Friday, November 28, 2008

it took almost seven hours to sing

I could easily spend two weekends of any given month settled in at Largo, but alas, rent must be paid, plants must be watered, and so on. It always helps, though, when mob rule (i.e., at least one other person) helps dictate these rock tourism decisions.

Rhett Miller, Largo at the Coronet, November 22, 2008: I have an unofficial roster of people I want to see at Largo, work, time, and finances permitting. Rhett Miller has been on that list for while, and finally, events conspired to bring me to one of his shows in Los Angeles.

Pre-Coronet, Rhett took Largo's move harder than many of the artists associated with the club, so there was some question as to how he'd react to the new space. I'd say the outlook is good, as he reminded us that the same people who made it all possible were still steering the ship. Obviously, I've thrown my faith in with this lot for some time now, but it was nice to get the seal of approval from someone on the other side of the stage. Clearly, we did a banner job rolling out the welcome wagon.
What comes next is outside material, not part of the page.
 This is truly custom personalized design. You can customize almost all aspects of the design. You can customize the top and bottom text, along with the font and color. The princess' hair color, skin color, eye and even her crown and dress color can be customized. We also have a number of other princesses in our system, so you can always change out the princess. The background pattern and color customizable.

I've seen Rhett on his own a handful of times before, but I was curious what would differentiate his show at the Coronet from the gigs I've seen in San Francisco. To my surprise, this show didn't feel radically different from the last one I attended at the Swedish American Hall three whole years ago. In both alcohol-free clubs, the audience maintained respectful hush, though voices piped in hoots and requests now and again. To tell you the truth, I preferred this super-relaxed air to the giddy, amorous anticipation that often marks his concerts (pot, meet kettle?). This, combined with the Coronet's stately frame, somehow made Rhett's teen idol moves more palatable as well.
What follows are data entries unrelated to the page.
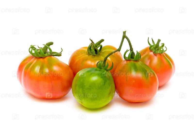 Красные и зеленый помидоры на белом фоне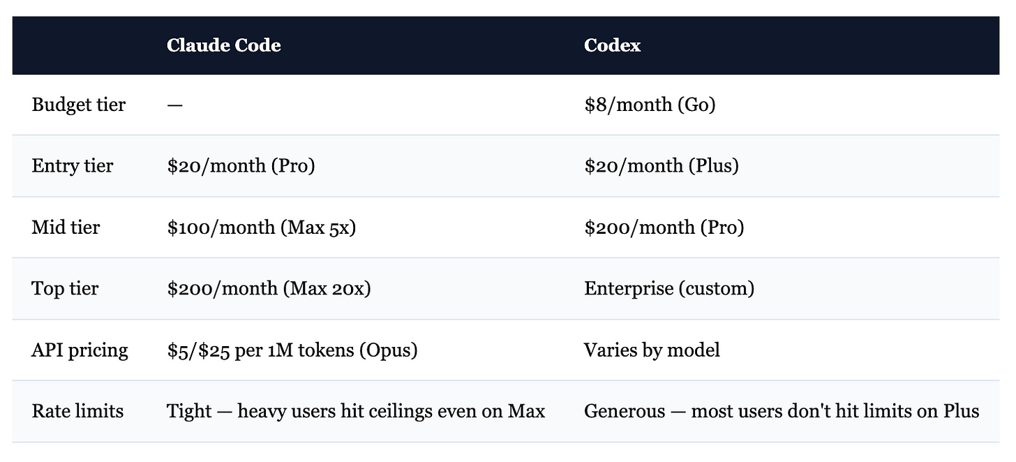 Honest summary: Codex gives you more output per dollar. Claude Code gives you better output per task. Both things are true.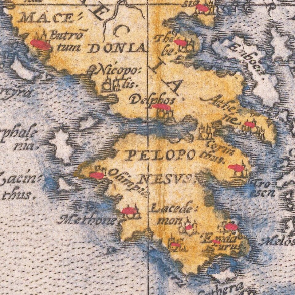 Old color map of the Roman Empire from Abraham Ortelius' Theatrum Orbis Terrarum, the first modern atlas of the world.

This debatable detail aside, Rhett apparently took the setting into consideration too, as he made an effort to include at least one song that he doesn't regularly air, and tonight that distinction went to "Holy Cross." I'm not familiar enough with Rhett's or the Old 97s' catalog to have known that myself, so I was glad he alerted us to its significance. Another point lost to my cluelessness is the new material he's written for his next solo album, which he's set to start recording in the new year. If it helps any, he may have suggested that we picture ourselves around a campfire for one of them. Filling out the bulk of the set were familiar favorites such as "Doreen" and "Murder (Or a Heart Attack)."
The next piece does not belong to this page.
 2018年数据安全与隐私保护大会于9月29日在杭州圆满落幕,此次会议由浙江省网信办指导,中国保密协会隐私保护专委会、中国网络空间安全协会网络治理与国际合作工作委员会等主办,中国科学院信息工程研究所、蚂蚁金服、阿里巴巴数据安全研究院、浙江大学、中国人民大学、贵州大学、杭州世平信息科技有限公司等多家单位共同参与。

I love seeing frontmen (and women) away from their bread-and-butter bands to find out where the songs come from and how they develop. With Rhett's solo material, it was easy to hear the tunes' simpler roots compared to the busier final products, but my ignorance rears its head once again, as I admit that the differences were less discernible to me on the Old 97s' material. However, even I realize the band typically contributes harmonies and lead guitar. I missed both elements tonight, but at least I had a Rancheros Brothers gig still to come.

Greg Proops opened up the show with a short set, and of course, the election provided plenty of opportunity for commentary. In his snarky and studied monologue, he revealed that he was a Hillary supporter; in retrospect, that shouldn't have been a surprise, but it does explain some of his more barbed observations.